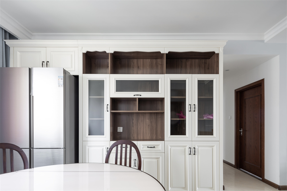 收納柜的頂部做了延長設(shè)計(jì),便于冰箱的嵌入式擺放,可以節(jié)省冰箱占據(jù)的空間。白色柜身與中雅胡桃色里面的相互搭配,透露出一股靜謐典雅的感覺。柜身按照不同擺放需求,頂部可以放置許久不用的東西,中間部分放置杯子、書本這種日常隨手可以用的物品,下方可以放置一些榨汁機(jī)、暖瓶、燒水壺等物品。
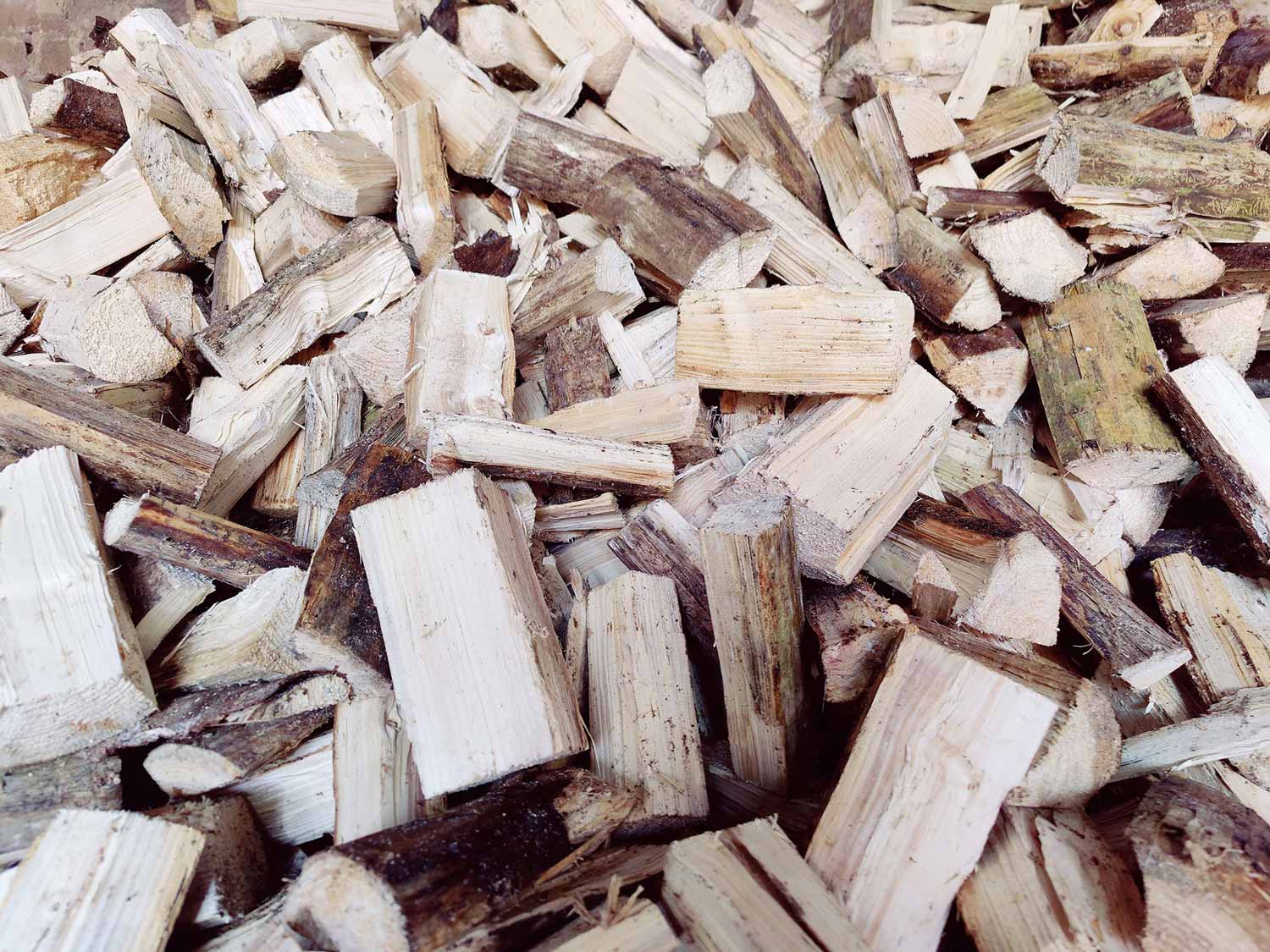 Wir produzieren, lagern und verkaufen in Schüttraummetern. Dies entspricht 1 m³ lose geschüttetem Kaminholz.
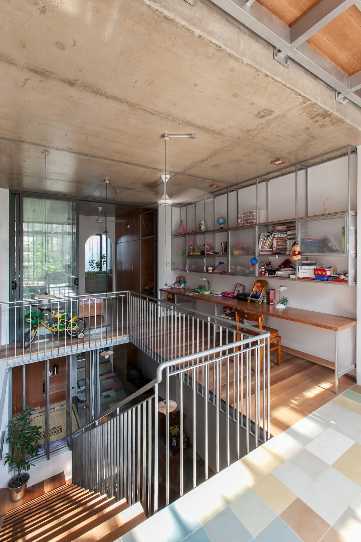 Những khoảng thông tầng lệch tầng được đặt khéo để kết nối các tầng lầu, để mỗi người trong gia đình dù ở phòng riêng vẫn cảm nhận được sự gắn kết với các thành viên khác.
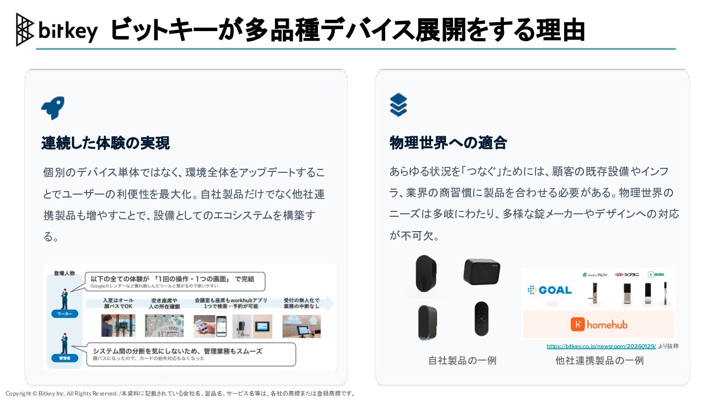る。 物理世界へ 適合 あらゆる状況を「つなぐ」ために 、顧客 既存設備やインフ ラ、業界 商習慣に製品を合わせる必要がある。物理世界 ニーズ 多岐にわたり、多様な錠メーカーやデザインへ 対応 が不可欠。 https://bitkey.co.jp/newsroom/20260129/ より抜粋 他社連携製品 一例 自社製品 一例 Copyright © Bitkey Inc. All Rights Reserved. /本資料に記載されている会社名、製品名、サービス名等 、各社 商標また 登録商標です。
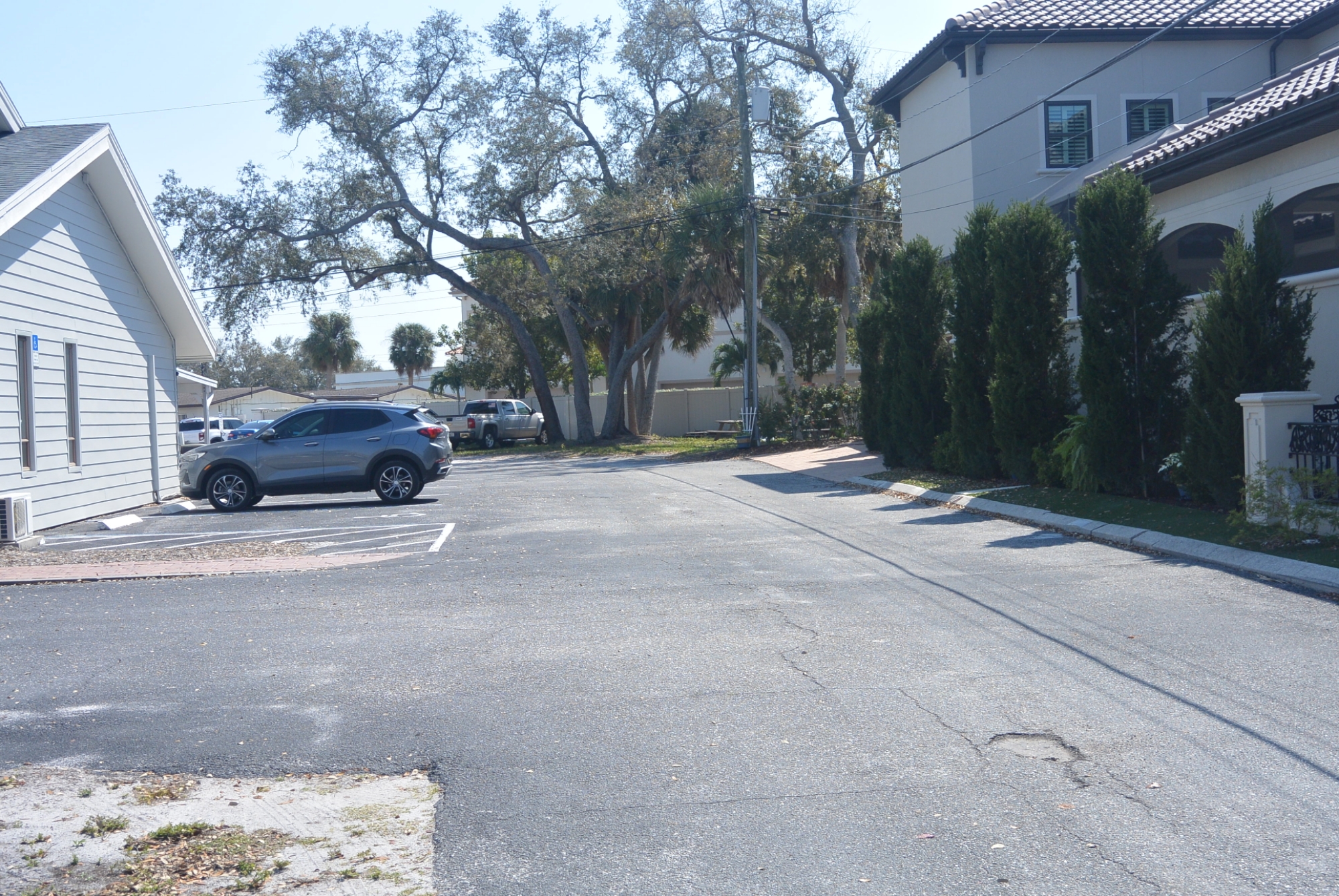 The access to each of the pocket parks is on terra cotta posts
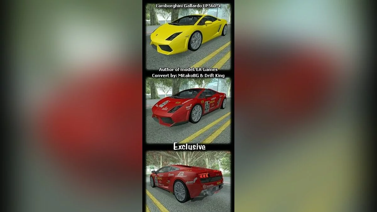 = Качественный конверт Lamborghini Gallardo LP560-4 из J2:HIN = Качественный салон и Двигатель = 3D Надписи & Светодиодные огни = Реалистичное управление = Все детали и огни рабочие = SA Огни и номерной знак = Собственная коллизия и тень = Прекр...
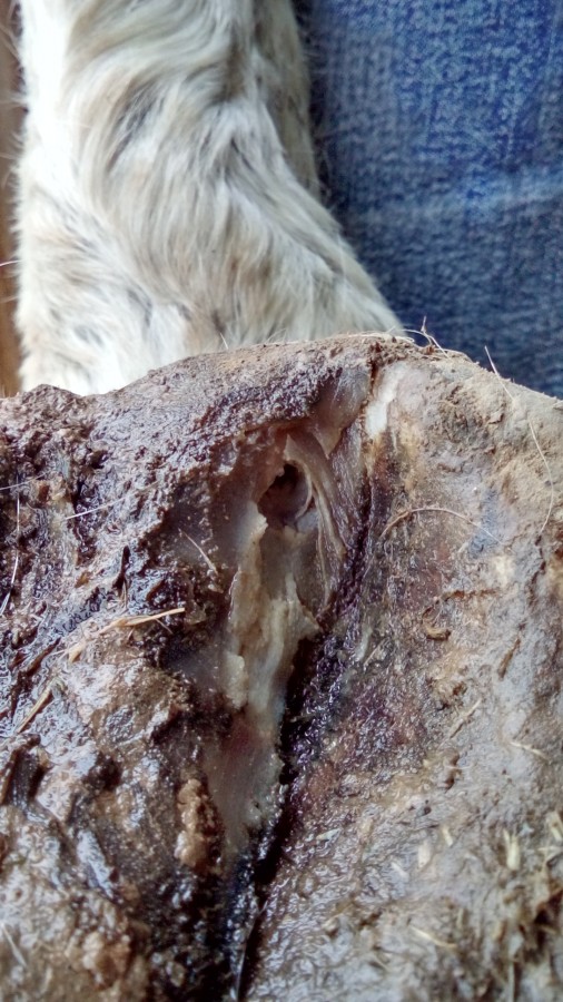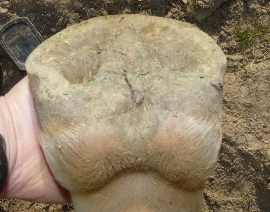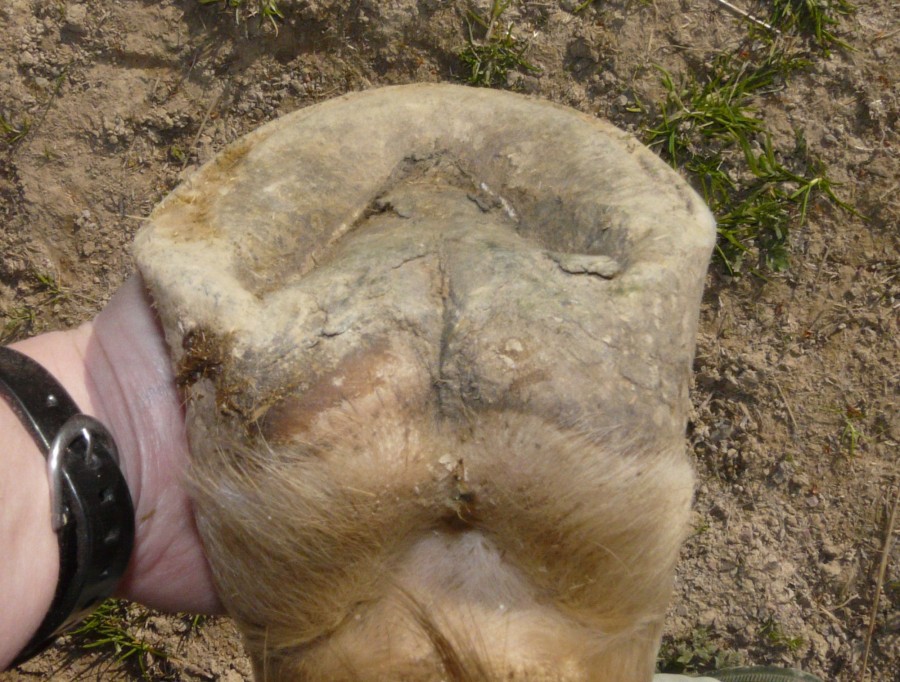 j'ai curé et brossé les pieds et un morceau de la fourchette du postérieur côté extérieur était bien "soulevée " et tout moux, un tout petit peu de liquide est sorti.
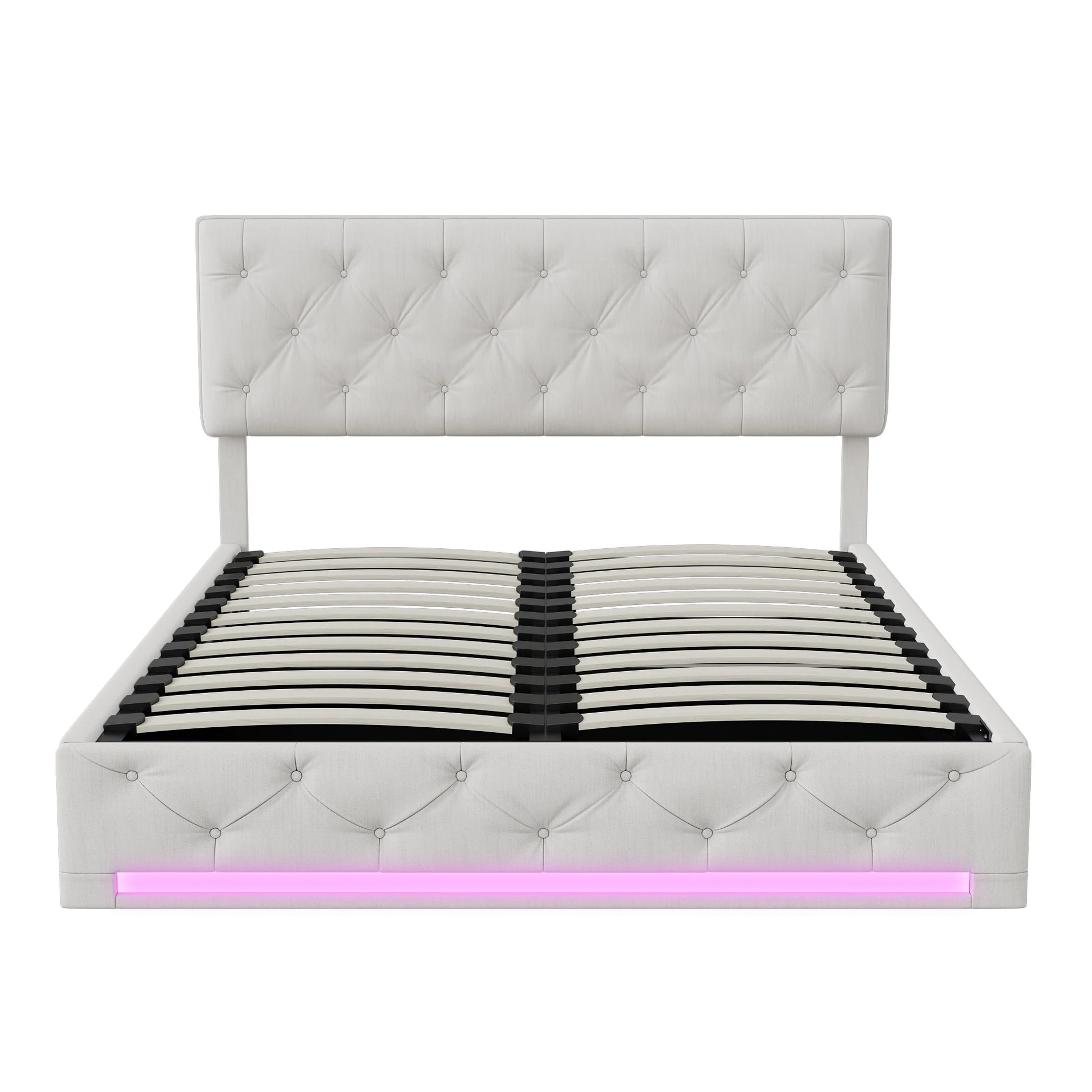 ROSAHQNDA Modernes Polsterbett, LED-Kastenbett mit großem Stauraum, elegantes Doppelbett aus Leinenstoff ohne Matratze
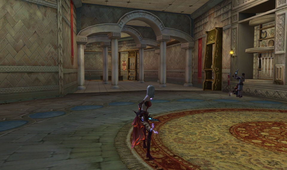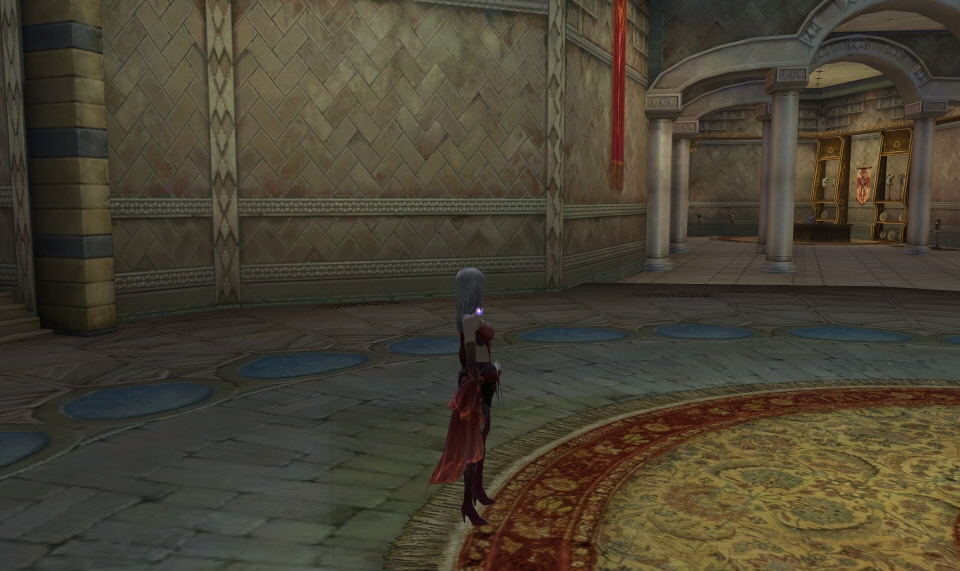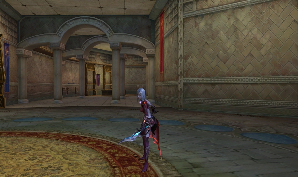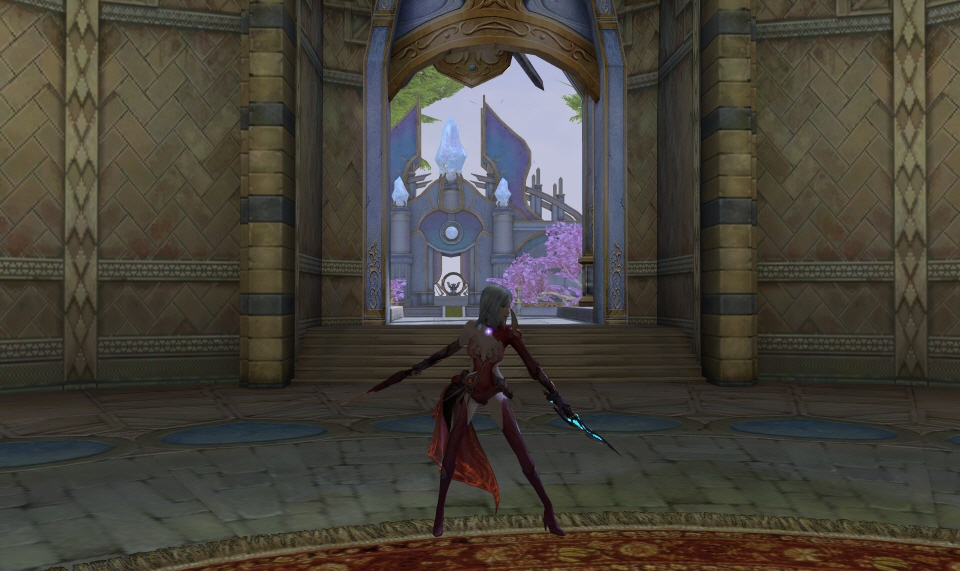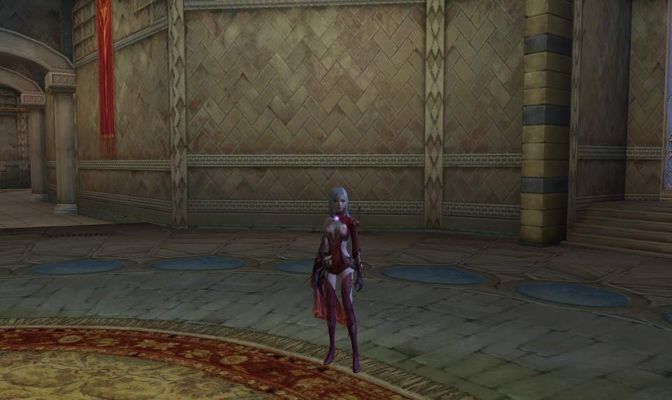 정면입니다. 일단 전체적으로 투피스로 이루어져 있고 붉은 색 계통의 방어구입니다. 오른쪽 옆구리 아래로 늘어져 있는 레이스가 포인트가 되겠습니다. 이 레이스 끄트머리 쪽에는 옅은 색이지만 글로우 효과가 있습니다. 이 상의를 암흑의 포에타 출전 1주일 만에 아누하르트 정예병의 단도화 함께 한 날에 얻었네요.

Work to be completed >>
Pictures are to be left out, and each line from the one that contains "ROSAHQNDA Modernes Polsterbett, LED-Kastenbett" through the end of the listing is to be copied exactly.

Output of the exercise >>
 ROSAHQNDA Modernes Polsterbett, LED-Kastenbett mit großem Stauraum, elegantes Doppelbett aus Leinenstoff ohne Matratze
 정면입니다. 일단 전체적으로 투피스로 이루어져 있고 붉은 색 계통의 방어구입니다. 오른쪽 옆구리 아래로 늘어져 있는 레이스가 포인트가 되겠습니다. 이 레이스 끄트머리 쪽에는 옅은 색이지만 글로우 효과가 있습니다. 이 상의를 암흑의 포에타 출전 1주일 만에 아누하르트 정예병의 단도화 함께 한 날에 얻었네요.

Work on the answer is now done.